+++ Information shown

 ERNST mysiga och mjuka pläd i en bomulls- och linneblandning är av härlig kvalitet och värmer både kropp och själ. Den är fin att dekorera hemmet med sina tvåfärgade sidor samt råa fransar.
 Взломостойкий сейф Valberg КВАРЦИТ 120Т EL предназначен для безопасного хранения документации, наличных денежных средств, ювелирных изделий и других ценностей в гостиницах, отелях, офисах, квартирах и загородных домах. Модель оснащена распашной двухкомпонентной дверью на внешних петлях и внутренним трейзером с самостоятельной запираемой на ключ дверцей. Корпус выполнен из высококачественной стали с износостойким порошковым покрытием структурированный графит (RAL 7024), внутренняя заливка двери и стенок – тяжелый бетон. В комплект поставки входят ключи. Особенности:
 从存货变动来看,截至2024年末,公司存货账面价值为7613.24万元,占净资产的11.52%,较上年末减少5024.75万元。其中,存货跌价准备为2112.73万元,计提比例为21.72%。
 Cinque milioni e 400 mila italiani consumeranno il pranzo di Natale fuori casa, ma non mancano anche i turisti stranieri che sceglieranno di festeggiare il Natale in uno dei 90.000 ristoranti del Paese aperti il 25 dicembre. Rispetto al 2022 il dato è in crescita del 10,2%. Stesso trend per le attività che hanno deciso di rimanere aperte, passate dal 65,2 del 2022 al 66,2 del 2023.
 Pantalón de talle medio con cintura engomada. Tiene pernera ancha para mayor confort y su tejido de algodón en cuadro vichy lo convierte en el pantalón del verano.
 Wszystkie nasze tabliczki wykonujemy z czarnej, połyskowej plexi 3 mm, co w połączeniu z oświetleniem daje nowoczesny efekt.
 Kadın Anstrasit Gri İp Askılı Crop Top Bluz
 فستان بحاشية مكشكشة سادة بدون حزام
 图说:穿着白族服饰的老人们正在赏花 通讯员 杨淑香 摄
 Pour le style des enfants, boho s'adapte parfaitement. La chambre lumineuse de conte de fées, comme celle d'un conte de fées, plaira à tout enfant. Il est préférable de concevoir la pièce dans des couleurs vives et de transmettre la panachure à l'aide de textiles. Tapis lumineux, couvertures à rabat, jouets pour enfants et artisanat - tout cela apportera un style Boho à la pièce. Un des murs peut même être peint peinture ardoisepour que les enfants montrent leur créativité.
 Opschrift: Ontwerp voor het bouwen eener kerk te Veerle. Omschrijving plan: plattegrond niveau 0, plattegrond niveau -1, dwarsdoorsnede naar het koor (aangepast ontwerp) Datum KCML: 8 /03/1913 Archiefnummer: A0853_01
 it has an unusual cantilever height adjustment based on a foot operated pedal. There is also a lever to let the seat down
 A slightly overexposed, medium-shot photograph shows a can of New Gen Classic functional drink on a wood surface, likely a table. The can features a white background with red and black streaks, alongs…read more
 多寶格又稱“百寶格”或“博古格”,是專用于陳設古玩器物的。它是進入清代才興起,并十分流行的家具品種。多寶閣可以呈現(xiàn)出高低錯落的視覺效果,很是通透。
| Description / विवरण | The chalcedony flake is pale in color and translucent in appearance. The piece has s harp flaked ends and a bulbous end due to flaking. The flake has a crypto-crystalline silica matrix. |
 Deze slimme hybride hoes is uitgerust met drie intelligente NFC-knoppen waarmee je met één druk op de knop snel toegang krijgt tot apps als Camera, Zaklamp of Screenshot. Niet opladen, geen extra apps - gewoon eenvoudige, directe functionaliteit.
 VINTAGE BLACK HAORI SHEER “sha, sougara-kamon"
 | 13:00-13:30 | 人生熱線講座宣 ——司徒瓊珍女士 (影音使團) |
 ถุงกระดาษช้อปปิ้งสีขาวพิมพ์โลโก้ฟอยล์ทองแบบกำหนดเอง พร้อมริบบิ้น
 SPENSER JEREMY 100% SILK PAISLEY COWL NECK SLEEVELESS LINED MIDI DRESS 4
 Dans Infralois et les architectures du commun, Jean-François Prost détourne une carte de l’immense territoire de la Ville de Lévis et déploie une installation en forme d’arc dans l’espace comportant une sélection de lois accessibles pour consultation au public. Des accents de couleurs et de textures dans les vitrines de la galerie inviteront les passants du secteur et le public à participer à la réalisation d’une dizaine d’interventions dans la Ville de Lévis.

++++++

__Work instructions__:
The records above should be restated word for word, please.

__Solution below__:
 ERNST mysiga och mjuka pläd i en bomulls- och linneblandning är av härlig kvalitet och värmer både kropp och själ. Den är fin att dekorera hemmet med sina tvåfärgade sidor samt råa fransar.
 Взломостойкий сейф Valberg КВАРЦИТ 120Т EL предназначен для безопасного хранения документации, наличных денежных средств, ювелирных изделий и других ценностей в гостиницах, отелях, офисах, квартирах и загородных домах. Модель оснащена распашной двухкомпонентной дверью на внешних петлях и внутренним трейзером с самостоятельной запираемой на ключ дверцей. Корпус выполнен из высококачественной стали с износостойким порошковым покрытием структурированный графит (RAL 7024), внутренняя заливка двери и стенок – тяжелый бетон. В комплект поставки входят ключи. Особенности:
 从存货变动来看,截至2024年末,公司存货账面价值为7613.24万元,占净资产的11.52%,较上年末减少5024.75万元。其中,存货跌价准备为2112.73万元,计提比例为21.72%。
 Cinque milioni e 400 mila italiani consumeranno il pranzo di Natale fuori casa, ma non mancano anche i turisti stranieri che sceglieranno di festeggiare il Natale in uno dei 90.000 ristoranti del Paese aperti il 25 dicembre. Rispetto al 2022 il dato è in crescita del 10,2%. Stesso trend per le attività che hanno deciso di rimanere aperte, passate dal 65,2 del 2022 al 66,2 del 2023.
 Pantalón de talle medio con cintura engomada. Tiene pernera ancha para mayor confort y su tejido de algodón en cuadro vichy lo convierte en el pantalón del verano.
 Wszystkie nasze tabliczki wykonujemy z czarnej, połyskowej plexi 3 mm, co w połączeniu z oświetleniem daje nowoczesny efekt.
 Kadın Anstrasit Gri İp Askılı Crop Top Bluz
 فستان بحاشية مكشكشة سادة بدون حزام
 图说:穿着白族服饰的老人们正在赏花 通讯员 杨淑香 摄
 Pour le style des enfants, boho s'adapte parfaitement. La chambre lumineuse de conte de fées, comme celle d'un conte de fées, plaira à tout enfant. Il est préférable de concevoir la pièce dans des couleurs vives et de transmettre la panachure à l'aide de textiles. Tapis lumineux, couvertures à rabat, jouets pour enfants et artisanat - tout cela apportera un style Boho à la pièce. Un des murs peut même être peint peinture ardoisepour que les enfants montrent leur créativité.
 Opschrift: Ontwerp voor het bouwen eener kerk te Veerle. Omschrijving plan: plattegrond niveau 0, plattegrond niveau -1, dwarsdoorsnede naar het koor (aangepast ontwerp) Datum KCML: 8 /03/1913 Archiefnummer: A0853_01
 it has an unusual cantilever height adjustment based on a foot operated pedal. There is also a lever to let the seat down
 A slightly overexposed, medium-shot photograph shows a can of New Gen Classic functional drink on a wood surface, likely a table. The can features a white background with red and black streaks, alongs…read more
 多寶格又稱“百寶格”或“博古格”,是專用于陳設古玩器物的。它是進入清代才興起,并十分流行的家具品種。多寶閣可以呈現(xiàn)出高低錯落的視覺效果,很是通透。
| Description / विवरण | The chalcedony flake is pale in color and translucent in appearance. The piece has s harp flaked ends and a bulbous end due to flaking. The flake has a crypto-crystalline silica matrix. |
 Deze slimme hybride hoes is uitgerust met drie intelligente NFC-knoppen waarmee je met één druk op de knop snel toegang krijgt tot apps als Camera, Zaklamp of Screenshot. Niet opladen, geen extra apps - gewoon eenvoudige, directe functionaliteit.
 VINTAGE BLACK HAORI SHEER “sha, sougara-kamon"
 | 13:00-13:30 | 人生熱線講座宣 ——司徒瓊珍女士 (影音使團) |
 ถุงกระดาษช้อปปิ้งสีขาวพิมพ์โลโก้ฟอยล์ทองแบบกำหนดเอง พร้อมริบบิ้น
 SPENSER JEREMY 100% SILK PAISLEY COWL NECK SLEEVELESS LINED MIDI DRESS 4
 Dans Infralois et les architectures du commun, Jean-François Prost détourne une carte de l’immense territoire de la Ville de Lévis et déploie une installation en forme d’arc dans l’espace comportant une sélection de lois accessibles pour consultation au public. Des accents de couleurs et de textures dans les vitrines de la galerie inviteront les passants du secteur et le public à participer à la réalisation d’une dizaine d’interventions dans la Ville de Lévis.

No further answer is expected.